Of course it wouldn’t be fair to simply ascribe historical motives to contemporary residents. There are lots of reasons why residents are wary of denser development, and these concerns aren’t limited to white neighborhoods on the North Side. Plenty of people may genuinely want to have more integrated neighborhoods, even as they oppose denser development. But we should be honest about what happens when wealthy neighborhoods ban apartment buildings: Those neighborhoods become whiter and more exclusionary.
This history should also make us suspicious of claims that restricting development will help curtail rent hikes. Across the city, the neighborhoods that have made it hardest to build more housing are the very areas with the highest rents. And a review of the academic research shows that building more homes helps keeps housing in the immediate neighborhood more affordable, because it allows renters to move into new buildings rather than simply bid against existing tenants for the same housing stock.

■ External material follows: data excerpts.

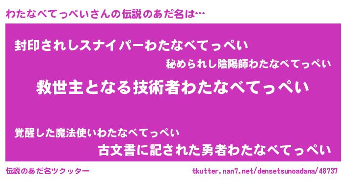 | 男性向けラノベタイトル風あだ名 | 『ノーゲーム・ノーワタナベテッペイ』 |
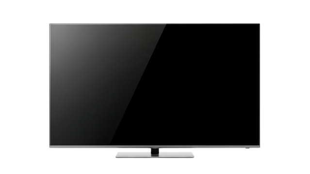 A sleek, modern smart tv with an ultra-thin black bezel and blank white screen on a grey stand, against a transparent background with copy space. Concept of digital potential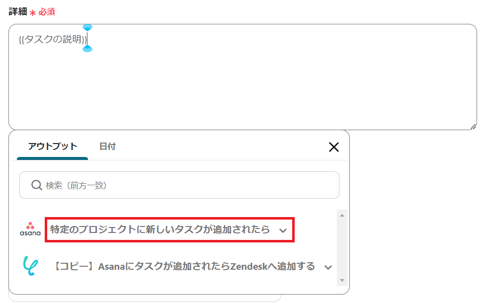 「【コピー】Asanaにタスクが追加されたらZendeskへ追加する」をクリックします。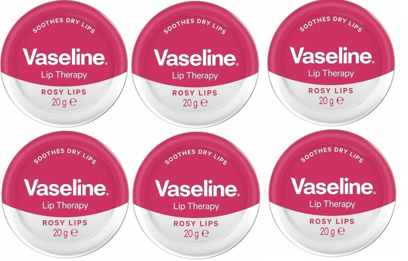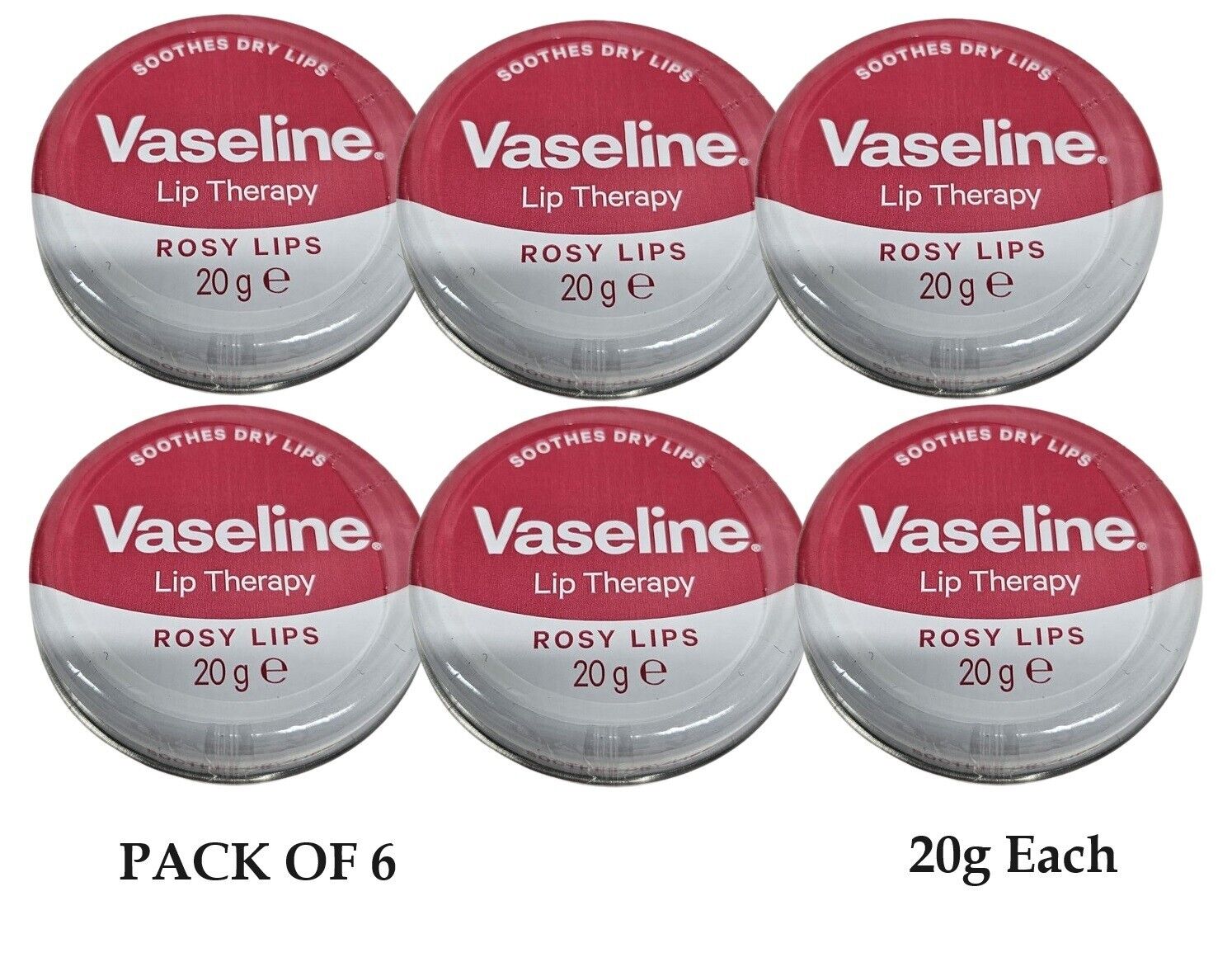 6 X Vaseline Lip Therapy Rosy Lips Tin 20g (Pack Of 6)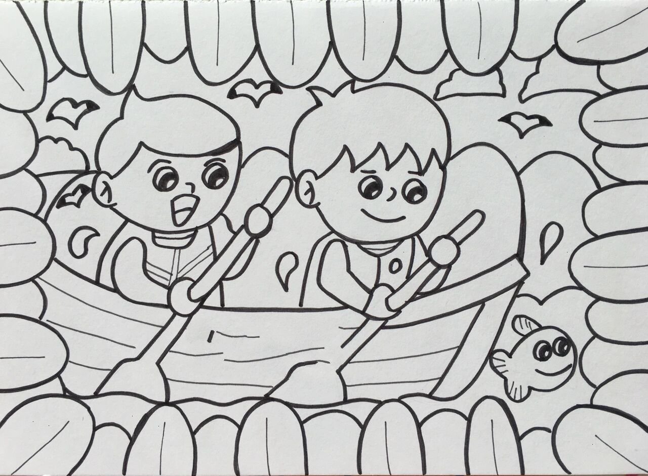 儿童简笔画-134.划船/赛船 夏日滤镜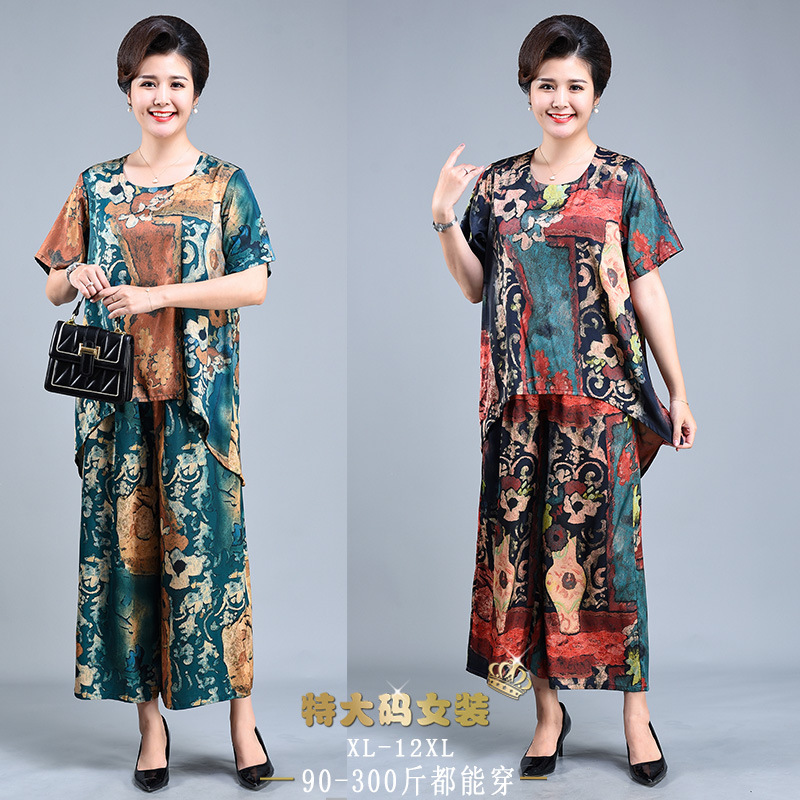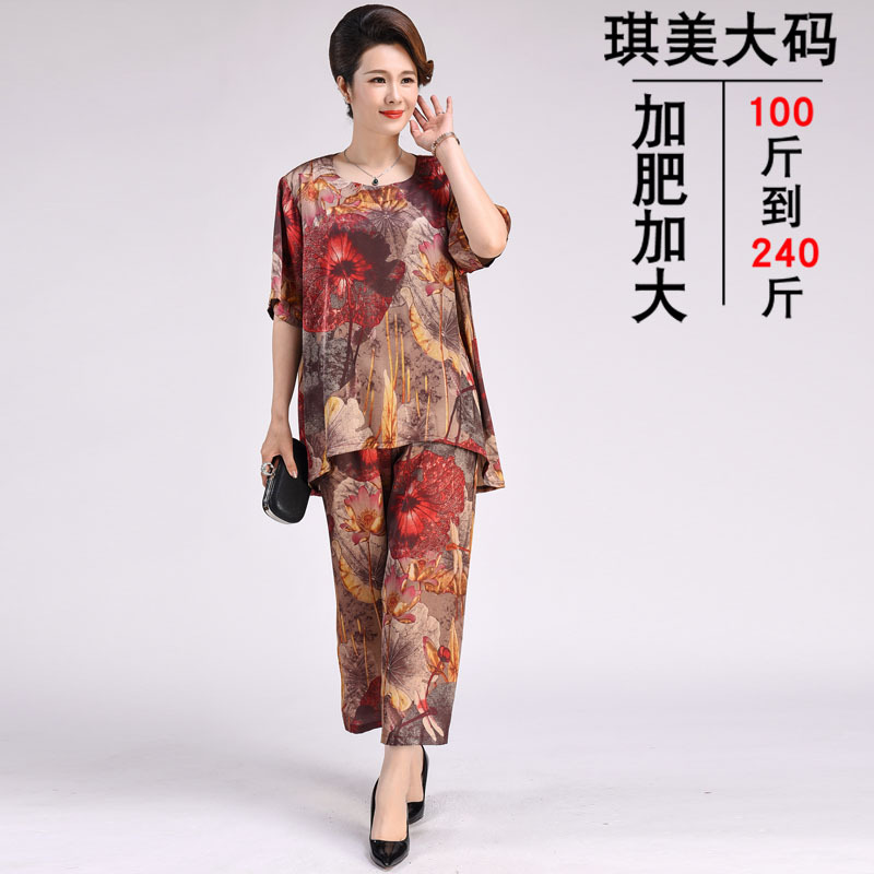 Setelan Wanita Paruh Baya Lengan Pendek Musim Panas Ibu Pakaian Wanita Ukuran Besar Mengurangi Usia Gaya Barat Model Baru Musim Panas Setelan Dua Potong Longgar Menutupi Perut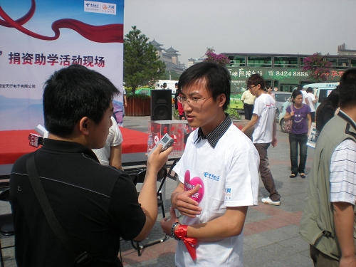 5月17日,“世界电信日”当天,我校30名志愿者参与了由西安市红十字会发起,中国电信西安分公司承办的“与天翼同行,让爱心无限”捐资助学志愿服务活动。古老的钟楼见证了他们爱心的传递。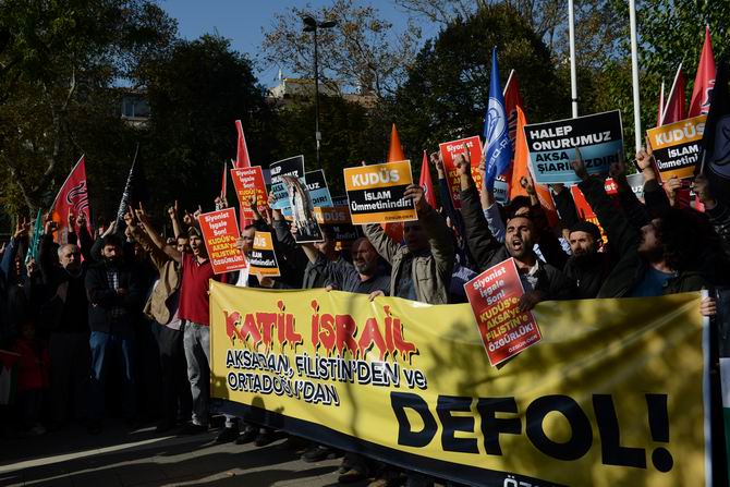 Tevhid bayraklarının yanı sıra Halid Meşal ve İsmail Heniyye’nin Gazze’de Özgür Suriye bayrağını dalgalandırdıkları fotoğrafların taşındığı eylem boyunca “Mescidi Aksa Onurumuzdur!” “Katil İsrail Filistin’den Defol”, “Siyonist Elçilik Kapatılsın!” “Kahrolsun İşbirlikçi Hainler!” “Halep’e Kudüs’e Direnişe Bin Selam!” “Katil ABD Ortadoğu’dan Defol!” “Katil Rusya Suriye’den Defol!” “Katil İran Suriye’den Defol!” sloganları atıldı ve sık sık tekbir getirildi.

Finally, it’s important to note that not only does exclusionary zoning make Chicago more segregated and unequal, but it also makes the whole city worse off. High rents leave tenants living paycheck-to-paycheck and pull resources out of local communities. High housing prices make it more difficult for new homebuyers to start families. A weaker tax base worsens our pension challenges, and reduces the resources available to invest in underserved neighborhoods. And across the city it becomes harder for people to access the communities, job opportunities, and schools that they need to thrive.
We can do better
Chicago’s housing shortage isn’t an accident or an inevitable consequence of big city life. It’s a choice. If we really want to add more affordable housing we can choose to do so. And if we want to ensure that every Chicagoan has access to neighborhoods with good transit, safe streets, and strong schools, we can choose to do that too. We can start by reversing down-zonings that have rendered much of the city unaffordable and exclusionary.